WORK TASK ::
Given the records underneath, please repeat exactly the lines from the line with "Lietuvos Respublikos Seimo" through the line with "ALPINA Tároló doboz", passing over any picture.

DATA FOR THIS TASK ::
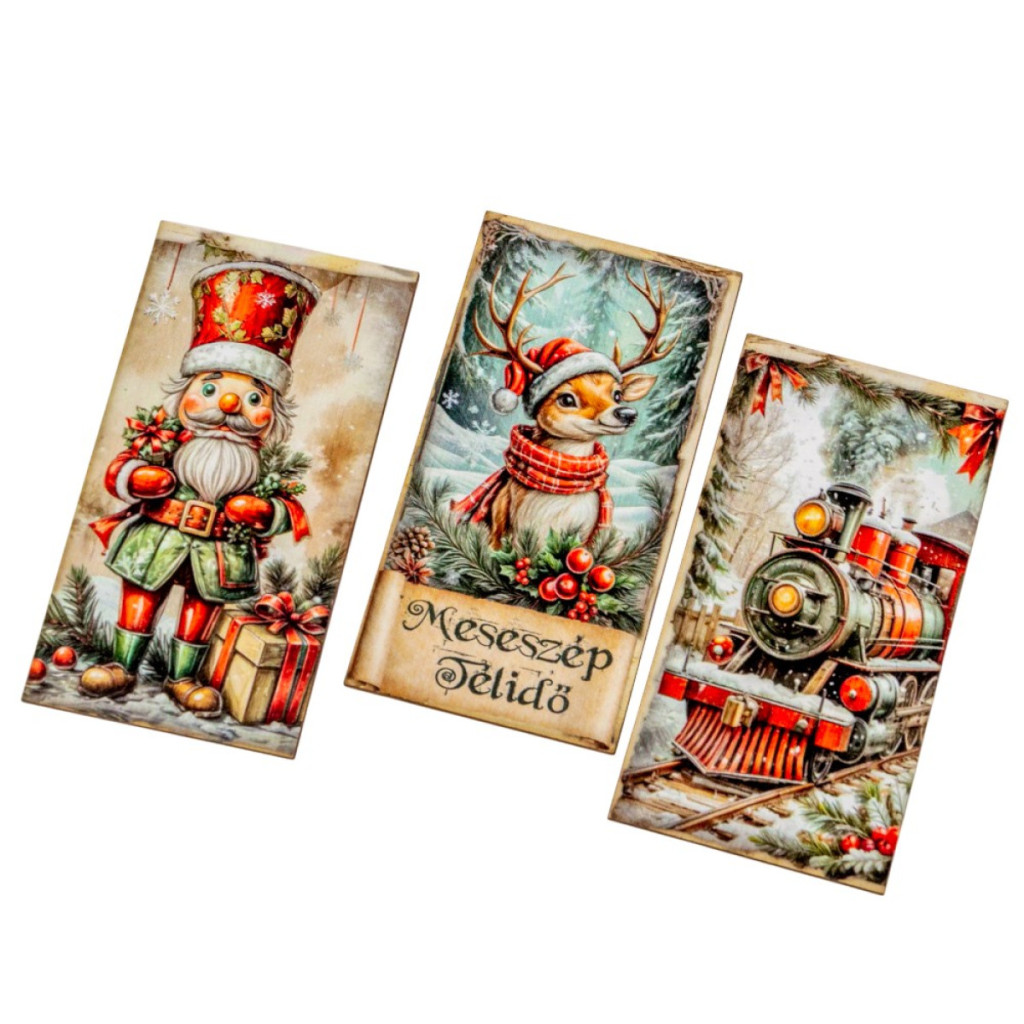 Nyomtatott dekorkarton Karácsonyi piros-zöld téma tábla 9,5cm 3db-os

...

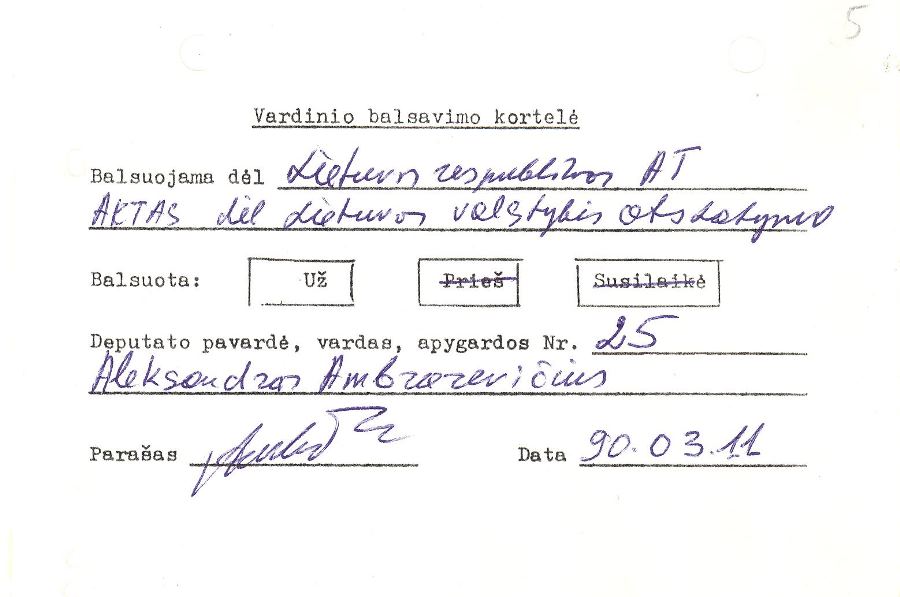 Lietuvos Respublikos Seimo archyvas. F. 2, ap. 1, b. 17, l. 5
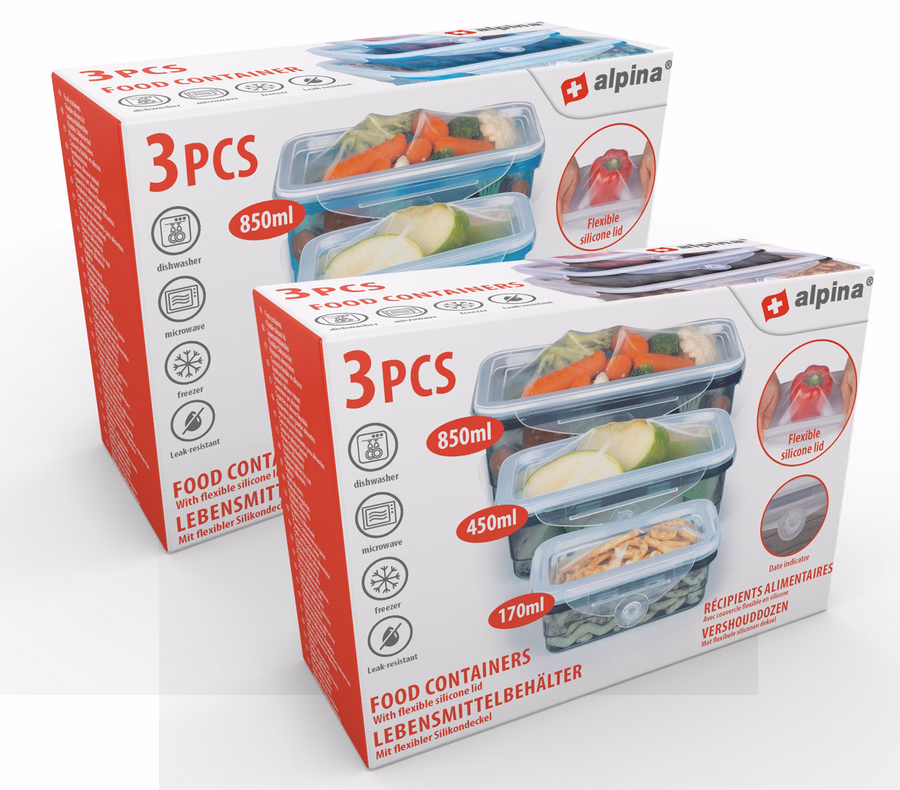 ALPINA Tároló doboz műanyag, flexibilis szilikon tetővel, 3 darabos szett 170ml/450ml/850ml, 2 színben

SOLUTION TO THIS TASK ::
 Lietuvos Respublikos Seimo archyvas. F. 2, ap. 1, b. 17, l. 5
 ALPINA Tároló doboz műanyag, flexibilis szilikon tetővel, 3 darabos szett 170ml/450ml/850ml, 2 színben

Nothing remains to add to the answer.